Unfortunately, there is a shortage of sales skills among advisors today, and for a growing number of advisors, the lack of training and opportunities to hone sales skills is becoming a serious impediment to their career advancement.

In her recent book, The Pocket Guide to Sales for Financial Advisors, Beverly D. Flaxington makes the point that the sales process itself is an engagement — a back-and-forth interaction between two people who are both trying to figure out if they should work together.

But the mere fact that you want to help the client — and that the client may well need your help — isn’t enough. If you want prospects to hire you and become clients, you may have to prod them along and show them the way.


Accordingly, one of the most important parts of the sales process is that after you’ve explained to the prospect your value and what you can do to help, it comes time to actually “go for the close” and ask for the business.

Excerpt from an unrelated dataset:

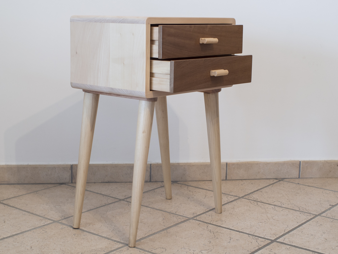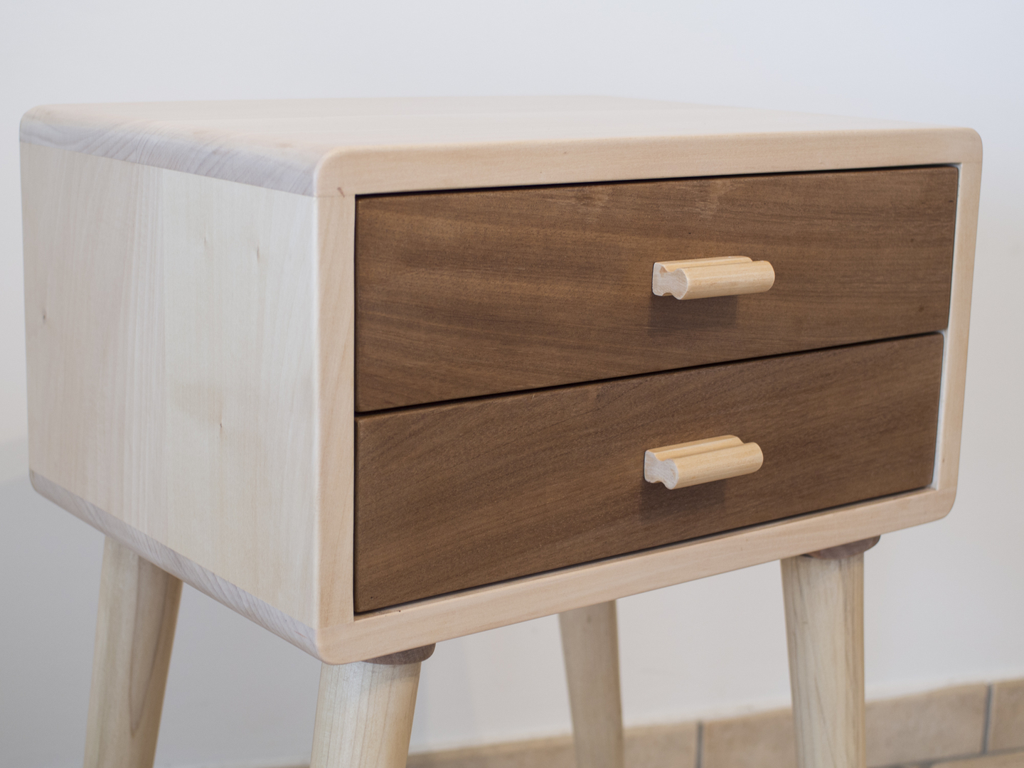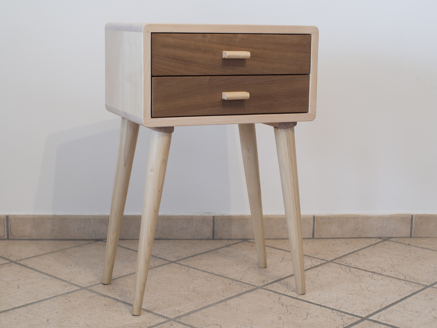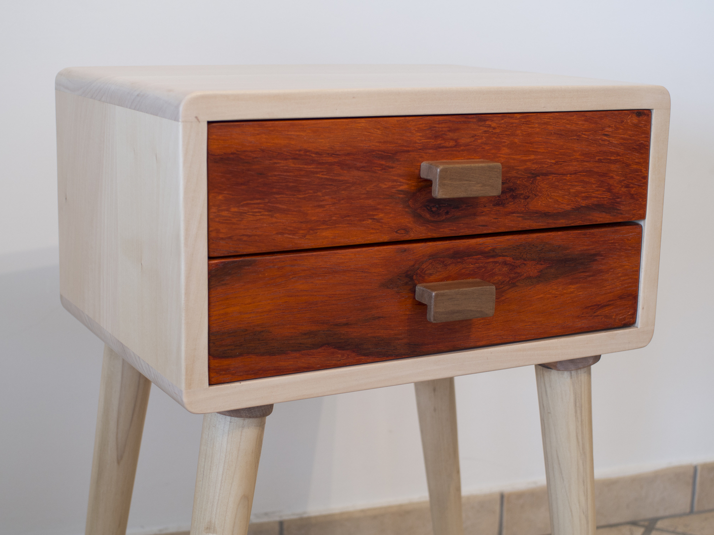 Comodino in stile anni 50, realizzato in legno massello di tiglio. Produzione di tipo artigianale con rifiniture interamente eseguite a mano. Due cassetti con frontali in legno di noce Bibolo o Padouk. Maniglie in legno. Gambe coniche ed affusolate in legno. Bordi arrotondati e spigoli smussati. Colore naturale. Verniciatura con vernici ecologiche a base d'acqua che non rilasciano emissioni tossiche nell'ambiente. Rifinitura finale eseguita a mano con cera d'api.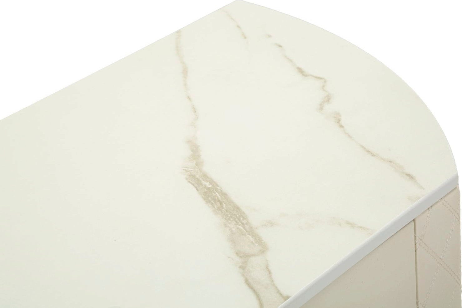 Instantly add a touch of modern luxury and understated elegance to your hallway or living room with this stylish wall console. The semi-circular console is characterised by its luxurious finish: the sides are covered in soft, creamy white, quilted faux leather, giving the piece of furniture a noticeable, sophisticated texture.

It’s that moment in the meeting where you ask the client to make a decision to move forward and work with you, saying something like “With everything we’ve discussed, I’m confident that I can meet your needs, so I’d like to ask that you consider working with me. Can I give you an agreement to sign so we can start working together?”

Unfortunately, going for the close and asking for someone’s business is difficult for many of us. We make ourselves vulnerable. We put ourselves on the line to potentially be rejected, and it feels scary to risk rejection. Even if you’re confident it will go well, it can feel socially awkward or confrontational to put the prospect on the spot to make a decision.

Yet the reality is that planning is a difficult service to purchase. It’s not a physical product that a client can pick up in his hands and test out for a little while before buying it. It’s an intangible service that requires the prospect to trust and have confidence that the advisor will deliver value in the future. This means that purchasing it is scary for the prospect too.

It’s always easier and less risky for a prospect to just do nothing and not hire the advisor. That’s why giving a prospective client a little extra nudge is crucial.

The advisor’s confidence in asking for the business, in the face of the social tension that’s created by asking, is often what it takes for a prospect to make the leap of trust to hire the advisor.

While it may be scary to ask for a person’s business, prospective clients will virtually never volunteer to give you the business, and you’re virtually certain never to get any business if you never ask for it at all. As Wayne Gretzky famously said, “You miss 100% of the shots you don’t take.”


But going for the close is only part of the overall sales process. First, you need to give the prospect an opportunity to really understand what you do and the value that you can provide.

The starting point, then, is to create marketing materials that tell the story of what an advisor does and how the prospective client will benefit.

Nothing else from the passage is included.